Washington ha intensificado, de manera sistemática, su presión diplomática y legislativa para que México enfrente de forma más directa al crimen organizado. La administración estadounidense ha considerado públicamente la catalogación de grupos criminales mexicanos como organizaciones terroristas—una medida que trasciende lo semántico para convertirse en instrumento de política exterior.

Si cárteles mexicanos fuesen designados como entidades terroristas por Washington, México estaría obligado, por tratados de cooperación y por lógica de seguridad hemisférica, a adoptar los mismos protocolos que aplica a cualquier organización designada como terrorista. Esto incluiría sanciones económicas, bloqueos financieros coordinados con el sistema bancario estadounidense, y operaciones de inteligencia conjunta que México difícilmente podría rechazar sin fracturar su relación bilateral con su principal socio comercial.

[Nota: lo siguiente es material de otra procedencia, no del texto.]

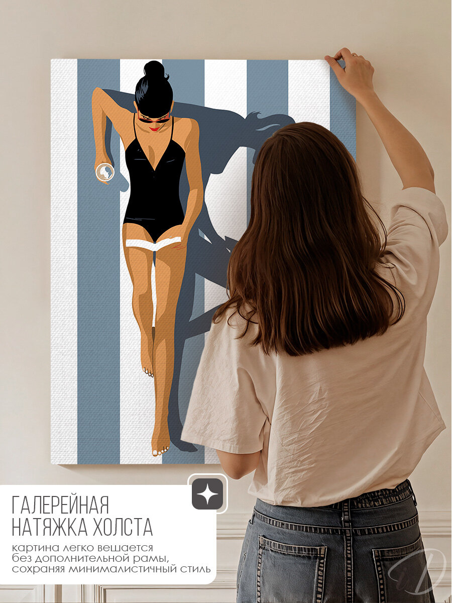 Картина на стену для интерьера девушка полосатый отдых 50х70 см

La reclasificación de Coahuayana debe leerse en este contexto: México enfrenta presión simultáneamente desde adentro—donde la evidencia del atentado demanda respuesta firme—y desde afuera, donde Washington incrementa la demanda de que Mexico tipifique criminalidad como terrorismo.

Pero en lugar de activar esa presión como justificación para fortalecer su respuesta institucional, el Estado mexicano hizo lo contrario: evitó la clasificación terrorista, presumiblemente para mantener márgenes de negociación con estructuras criminales que aún considera manejables dentro del marco de "delincuencia organizada".

El atentado: sofisticación que no puede negarse

Coahuayana no fue un acto de vandalismo urbano. Fue un atentado perpetrado con armas de carácter militar, planificado con precisión quirúrgica, ejecutado contra una instalación de seguridad pública en región disputada. El despliegue operativo—adquisición de explosivos, transporte de armamento militar, reconocimiento del objetivo, coordinación ejecutiva—no surge de la espontaneidad. Es la firma de una red criminal sofisticada.

La narrativa del Secretario García Harfuch—que esto es simplemente una pugna territorial entre cárteles—trivializa un acto que demanda respuesta institucional de otra magnitud. Esa interpretación, cómoda para evitar activar marcos internacionales, deviene insostenible cuando Washington observa atentados con bombas contra instituciones públicas y espera que México responda con toda la envergadura de sus tratados internacionales.

La reclasificación: rendición ante presión dual

La reclasificación como delincuencia organizada en lugar de terrorismo no ocurrió en el vacío institucional. Ocurrió en un momento donde México atraviesa una encrucijada geopolítica: ceder a la presión estadounidense de tipificar criminalidad como terrorismo significaría perder maniobrabilidad política interna, activar mecanismos internacionales que escaparían al control discrecional de la FGR, y aceptar que el Estado no puede gestionar la violencia dentro de categorías domesticadas.

No tipificar como terrorismo, en cambio, permite a México mantener una narrativa de "control institucional" frente a Washington—como si la delincuencia organizada fuese un problema que la seguridad pública puede contener sin necesidad de frameworks internacionales de antiterrorismo. Pero esa narrativa es insostenible cuando bombas explotan contra comisarías.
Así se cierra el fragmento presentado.